3. Si le centre hospitalier universitaire d'Orléans soutient que M. D C n'a pas présenté de réclamation indemnitaire préalable, il résulte de l'instruction que ce dernier a adressé à l'établissement, par l'intermédiaire de son conseil, une demande de cette nature par courrier postal transmis le 16 octobre 2023 et qu'en l'absence de réponse, une décision implicite de rejet est née. Par suite, le contentieux étant lié, la fin de non-recevoir ne peut qu'être écartée.
Sur la demande de provision :
4. Aux termes de l'article R. 541-1 du code de justice administrative : " Le juge des référés peut, même en l'absence d'une demande au fond, accorder une provision au créancier qui l'a saisi lorsque l'existence de l'obligation n'est pas sérieusement contestable.
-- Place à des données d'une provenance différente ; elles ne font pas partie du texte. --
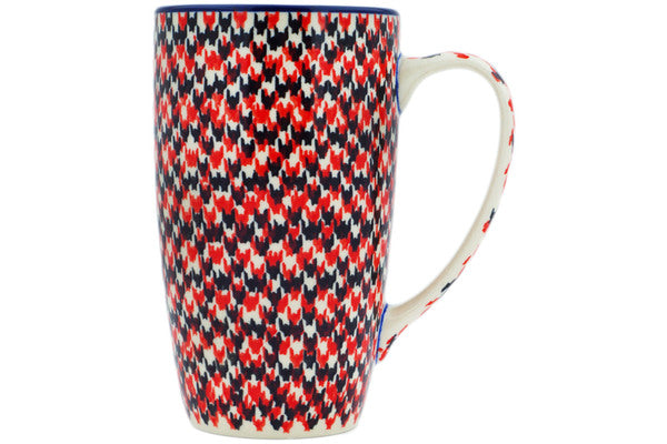 This Red Houndstooth 14 oz Latte Mug was handmade and hand decorated in Boleslawiec, Poland by skilled artisans according to old traditional methods. This Polish stoneware is microwave, dishwasher, freezer, and oven safe up to 480°F. It does not contain lead or cadmium. It is part of the Red Houndstooth Collection.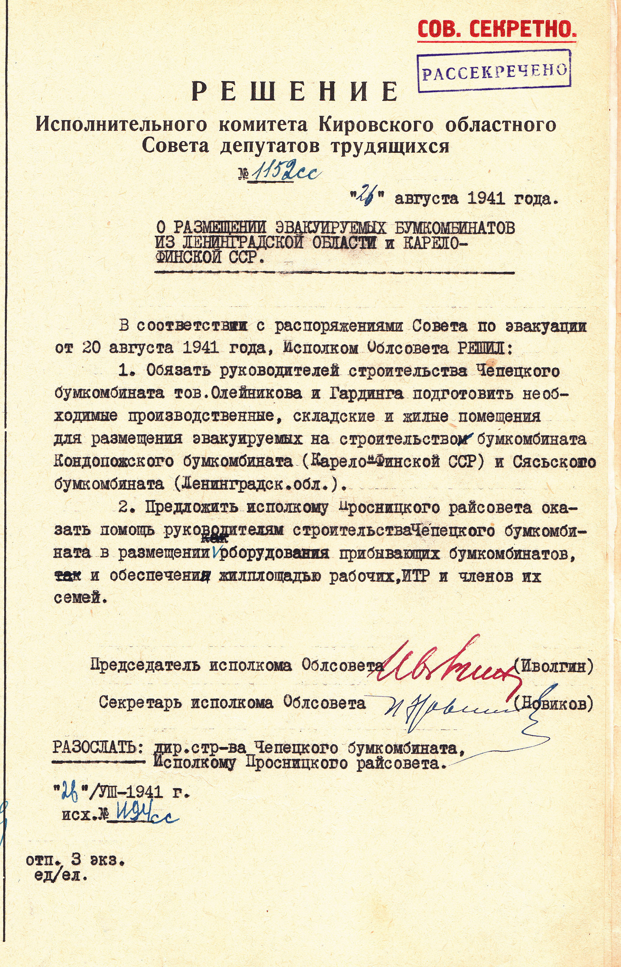Решение Кировского облисполкома №1152сс о размещении эвакуируемых бумкомбинатов из Ленинградской области и Карело-Финской ССР. 26 августа 1941 г.

Il peut, même d'office, subordonner le versement de la provision à la constitution d'une garantie ". Pour regarder une obligation comme non sérieusement contestable, il appartient au juge des référés de s'assurer que les éléments qui lui sont soumis par les parties sont de nature à en établir l'existence avec un degré suffisant de certitude. Dans ce cas, le montant de la provision que peut allouer le juge des référés n'a d'autre limite que celle résultant du caractère non sérieusement contestable de l'obligation dont les parties font état. Dans l'hypothèse où l'évaluation du montant de la provision résultant de cette obligation est incertaine, le juge des référés ne doit allouer de provision, le cas échéant assortie d'une garantie, que pour la fraction de ce montant qui lui parait revêtir un caractère de certitude suffisant.
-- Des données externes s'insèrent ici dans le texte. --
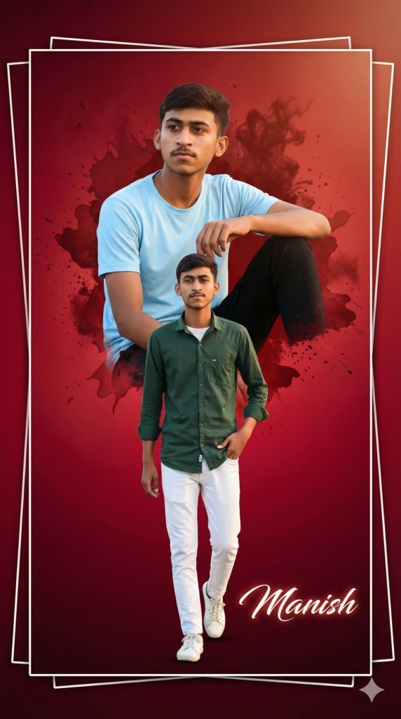 Copy This Prompt: “Ultra-realistic modern portrait poster design with layered photo composition and bold color styling. Main Canvas: Square poster layout with a deep red to dark crimson gradient background, subtle texture, cinematic glow. A thin white rectangular frame around the main poster, with slightly tilted duplicate frames behind to create a stacked poster effect. Foreground Subject: Full-body portrait of a young boy, stylish and confident, standing casually. He wears a dark green button-up shirt, white slim-fit pants, and white sneakers. One hand relaxed near pocket, natural walking pose, confident expression. Upper Background Portrait: A larger half-body portrait of the same boy placed above and behind the foreground figure. Outfit: light sky-blue T-shirt, black pants. Pose: seated casually with one knee raised, hand lifted slightly, thoughtful confident look. Blend Style: The upper portrait blends into the red background using a paint-splash / ink-smoke dispersion effect, with organic edges and soft fade, artistic composite style. Typography: Name text “Manish” written at the bottom right in elegant cursive white font, subtle glow, minimal and classy. Overall Style: Professional poster design, photorealistic subjects combined with graphic design elements, high contrast, clean edges, no illustration, no cartoon, no watermark, no logo. Ultra-detailed, sharp focus, DSLR portrait look, Instagram-ready, high resolution, modern fashion poster aesthetic. Strictly aspect ratio 9:16”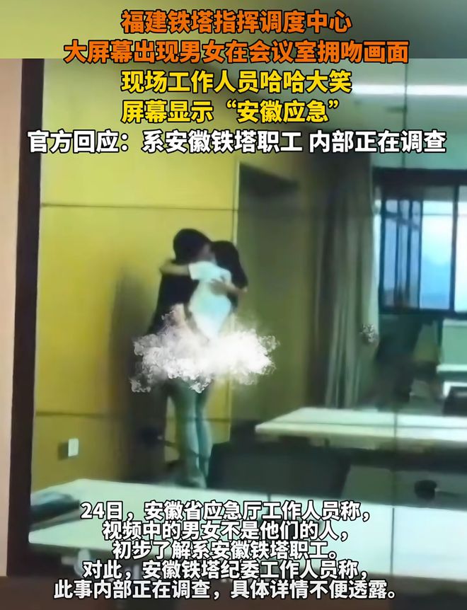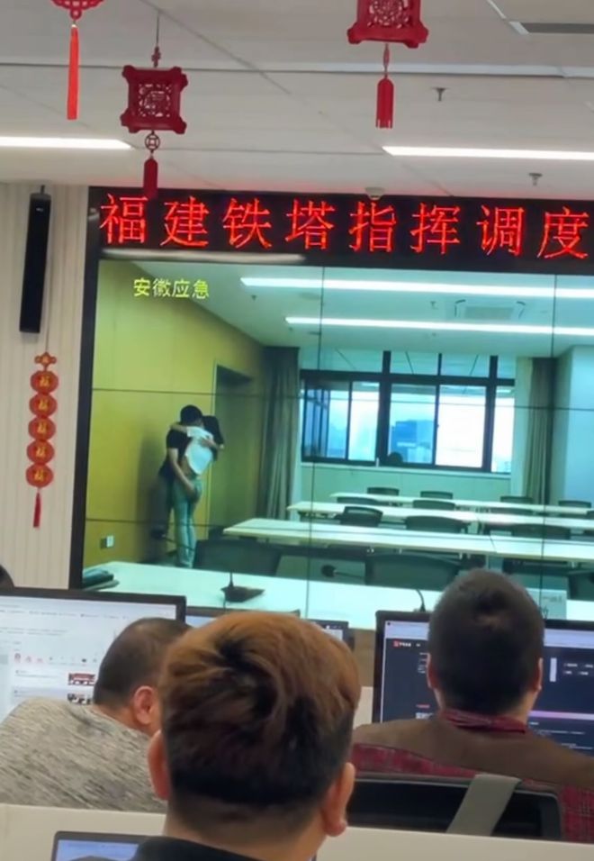 事情发生在4月24日,福建铁搭指挥调度中心的大屏幕上,出现男女在会议室拥吻的画面,逗得现场工作人员哈哈大笑。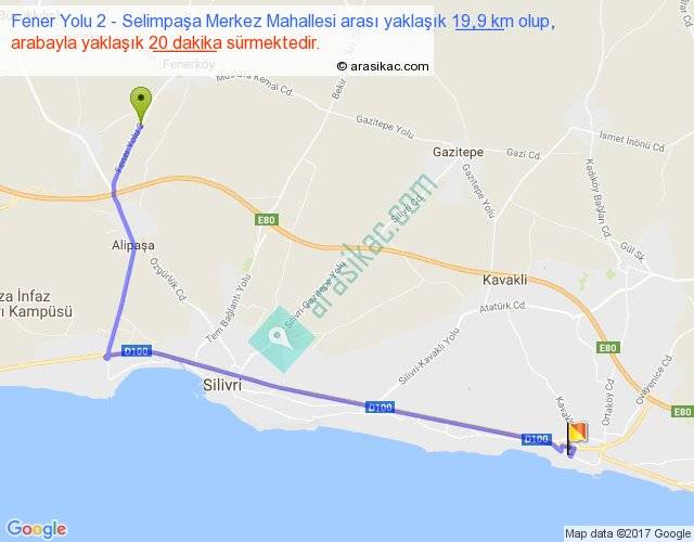 Fener Yolu 2 - Selimpaşa Merkez Mahallesi arası yaklaşık olarak 90 km/h ile yukarıda belirtilen sürede olup, iki yerin kuş uçuşu uzaklığı (mesafesi) 14'dir. Yolculuk otobüsle 26 dakika sürmektedir.

En ce qui concerne l'existence d'une obligation non sérieusement contestable :
5. Aux termes de l'article L. 1142-1 du code de la santé publique : " I. - Hors le cas où leur responsabilité est encourue en raison d'un défaut d'un produit de santé, les professionnels de santé mentionnés à la quatrième partie du présent code, ainsi que tout établissement, service ou organisme dans lesquels sont réalisés des actes individuels de prévention, de diagnostic ou de soins ne sont responsables des conséquences dommageables d'actes de prévention, de diagnostic ou de soins qu'en cas de faute. ".
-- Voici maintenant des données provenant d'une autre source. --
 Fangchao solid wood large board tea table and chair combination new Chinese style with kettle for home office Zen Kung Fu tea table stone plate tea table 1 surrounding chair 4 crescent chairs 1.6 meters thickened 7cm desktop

6. Il résulte de l'instruction, et notamment du rapport du docteur A B désigné par le juge des référés du tribunal, que la mise en place d'un traitement orthopédique plutôt que le recours à un traitement chirurgical, à la suite de la rupture du tendon d'Achille gauche survenue le 5 septembre 2017, est conforme aux données acquises de la science, chacune de ces techniques présentant des avantages et des inconvénients. Au nombre des complications pouvant résulter de la mise en œuvre d'un traitement orthopédique, l'expert cite l'allongement du tendon et les ruptures itératives, mais indique que, dans le cas de M. D C, lui-même aurait choisi le traitement orthopédique. En revanche, en ce qui concerne la prise en charge de la rupture itérative du tendon d'Achille survenue le 8 novembre 2017 à la suite d'une altercation du requérant avec un autre détenu, et confirmée par une IRM le 13 mars 2018 ainsi qu'une échographie, il résulte du rapport d'expertise que l'indication chirurgicale était alors quasi-indiscutable et que les avis émis les 6 avril et 30 mai 2018 par les deux chirurgiens orthopédistes du centre hospitalier universitaire d'Orléans, en faveur de la poursuite du traitement orthopédique par la prescription d'une talonnette de surélévation et la réalisation d'une rééducation fonctionnelle, ont retardé la récupération fonctionnelle du requérant et ont eu un effet délétère sur le résultat final. Ce retard est ainsi constitutif d'une faute de nature à engager la responsabilité du centre hospitalier universitaire d'Orléans.
7. Dans le cas où la faute commise lors de la prise en charge ou le traitement d'un patient dans un établissement public hospitalier a compromis ses chances d'obtenir une amélioration de son état de santé ou d'échapper à son aggravation, le préjudice résultant directement de la faute commise par l'établissement et qui doit être intégralement réparé n'est pas le dommage corporel survenu, mais la perte d'une chance d'éviter ce dommage. La réparation qui incombe à l'hôpital doit alors être évaluée en fonction de l'ampleur de la chance perdue.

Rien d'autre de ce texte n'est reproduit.